I was telling someone about having watched an old documentary about graffiti in NYC in the early 80s, and upon googling it, found that the whole thing is online. It's called Style Wars, and now you can watch it.

Cool, huh?

Saturday, June 02, 2007

Knocked up

Went out to see it tonight, and I think that the feminist hand-wringing over how abortion was portrayed in the movie was misplaced. They didn't use the word "abortion," it's true. And movies rarely portray a woman's choice to terminate realistically, sure. But this is a comedy, and if there's anything that abortion is not, it's funny. And frankly, I sympathize with the character's opting to have the baby - it wasn't a very convenient time to have a kid, but kids just aren't convenient anyway. I've been ambivalent about the idea of kids for a long time, but when a decision that big is so hard to make (and I have a hard time choosing what to order on a long menu), it makes sense to just go with what you've got sometimes. I think that the movie captured really well that ambivalence isn't always torture. My favorite moment in the movie was a scene where Elizabeth was alone, readying the nursery, and folding the tiny baby clothes on top of her enormous belly.

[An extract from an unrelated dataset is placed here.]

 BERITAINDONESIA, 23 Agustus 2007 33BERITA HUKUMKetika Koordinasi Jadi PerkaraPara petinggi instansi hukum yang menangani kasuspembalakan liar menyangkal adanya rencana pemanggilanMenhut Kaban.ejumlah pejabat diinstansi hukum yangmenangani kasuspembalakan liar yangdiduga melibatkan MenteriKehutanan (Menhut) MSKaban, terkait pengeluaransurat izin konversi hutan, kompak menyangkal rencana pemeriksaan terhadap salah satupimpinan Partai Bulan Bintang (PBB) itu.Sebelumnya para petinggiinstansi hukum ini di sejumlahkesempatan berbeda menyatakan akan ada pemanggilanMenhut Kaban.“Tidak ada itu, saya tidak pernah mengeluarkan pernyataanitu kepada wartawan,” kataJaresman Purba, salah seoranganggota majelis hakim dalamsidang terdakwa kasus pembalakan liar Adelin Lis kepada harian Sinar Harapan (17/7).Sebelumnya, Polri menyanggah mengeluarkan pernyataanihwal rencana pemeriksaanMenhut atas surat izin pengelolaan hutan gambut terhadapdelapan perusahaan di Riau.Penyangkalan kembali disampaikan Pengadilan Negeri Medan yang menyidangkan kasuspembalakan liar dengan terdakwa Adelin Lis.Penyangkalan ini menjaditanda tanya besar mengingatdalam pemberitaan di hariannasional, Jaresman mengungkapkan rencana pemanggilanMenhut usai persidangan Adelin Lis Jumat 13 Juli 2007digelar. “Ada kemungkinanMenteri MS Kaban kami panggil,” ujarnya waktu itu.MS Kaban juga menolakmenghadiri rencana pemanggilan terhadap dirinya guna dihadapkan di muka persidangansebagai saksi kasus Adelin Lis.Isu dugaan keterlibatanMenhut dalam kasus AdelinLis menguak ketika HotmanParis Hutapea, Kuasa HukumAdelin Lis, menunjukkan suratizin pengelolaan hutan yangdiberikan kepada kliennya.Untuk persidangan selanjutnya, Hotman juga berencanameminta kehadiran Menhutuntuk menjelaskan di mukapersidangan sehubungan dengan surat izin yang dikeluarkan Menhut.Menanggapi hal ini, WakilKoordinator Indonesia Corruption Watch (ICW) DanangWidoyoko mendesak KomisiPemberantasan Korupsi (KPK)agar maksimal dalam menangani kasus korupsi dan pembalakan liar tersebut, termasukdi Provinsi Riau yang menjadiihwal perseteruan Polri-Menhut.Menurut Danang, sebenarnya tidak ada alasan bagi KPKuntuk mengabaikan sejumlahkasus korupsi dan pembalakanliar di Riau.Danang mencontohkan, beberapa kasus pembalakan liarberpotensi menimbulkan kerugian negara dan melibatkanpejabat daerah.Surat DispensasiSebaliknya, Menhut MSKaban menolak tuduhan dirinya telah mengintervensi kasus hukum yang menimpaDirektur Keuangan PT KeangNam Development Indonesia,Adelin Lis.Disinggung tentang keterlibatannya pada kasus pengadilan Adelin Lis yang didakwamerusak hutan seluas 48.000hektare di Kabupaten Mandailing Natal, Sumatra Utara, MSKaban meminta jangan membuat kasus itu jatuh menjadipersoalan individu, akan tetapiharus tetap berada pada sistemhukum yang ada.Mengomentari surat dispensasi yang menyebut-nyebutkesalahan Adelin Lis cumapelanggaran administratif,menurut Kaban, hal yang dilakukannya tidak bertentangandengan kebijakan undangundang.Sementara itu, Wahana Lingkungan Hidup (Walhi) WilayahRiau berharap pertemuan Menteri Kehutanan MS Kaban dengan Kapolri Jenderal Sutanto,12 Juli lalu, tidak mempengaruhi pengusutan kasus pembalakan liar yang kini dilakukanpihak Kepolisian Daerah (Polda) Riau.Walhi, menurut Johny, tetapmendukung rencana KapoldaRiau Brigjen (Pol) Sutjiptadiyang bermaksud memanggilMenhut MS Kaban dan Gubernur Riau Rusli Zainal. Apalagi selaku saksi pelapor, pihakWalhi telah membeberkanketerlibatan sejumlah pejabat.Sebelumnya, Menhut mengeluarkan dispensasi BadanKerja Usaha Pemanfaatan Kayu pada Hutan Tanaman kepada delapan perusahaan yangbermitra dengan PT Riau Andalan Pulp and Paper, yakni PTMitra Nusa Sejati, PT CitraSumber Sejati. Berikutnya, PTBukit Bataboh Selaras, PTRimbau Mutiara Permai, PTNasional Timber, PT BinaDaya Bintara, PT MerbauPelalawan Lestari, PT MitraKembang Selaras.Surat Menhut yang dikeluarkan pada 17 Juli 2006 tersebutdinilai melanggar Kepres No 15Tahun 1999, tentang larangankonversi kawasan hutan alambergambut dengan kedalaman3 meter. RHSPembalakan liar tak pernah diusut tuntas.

And - it was funny. And surprisingly tasteful when it comes to sentimentality - I could have gone for more, but I sometimes tear up when the Simpsons gets sentimental.

UPDATE: The one thing that did get my feminist undies all in a bundle were the shots of the baby crowning during delivery. Who the fuck gets a Brazilian before giving birth?! It was portrayed as incredibly disturbing, but it all looked nice and neat, and if you're going to be that graphic, you might as well tone down the porniness. Yeesh.

Saturday, February 03, 2007

Just so you know

Pan's Labyrinth is not an appropriate movie for kids. Don't be confused, like I was. It's gory and scary and I'm sure it takes a few years' reading practice to keep up with movies that have subtitles.

It's also really good and I'm not sorry I drove an hour and a half in a snow storm to see it.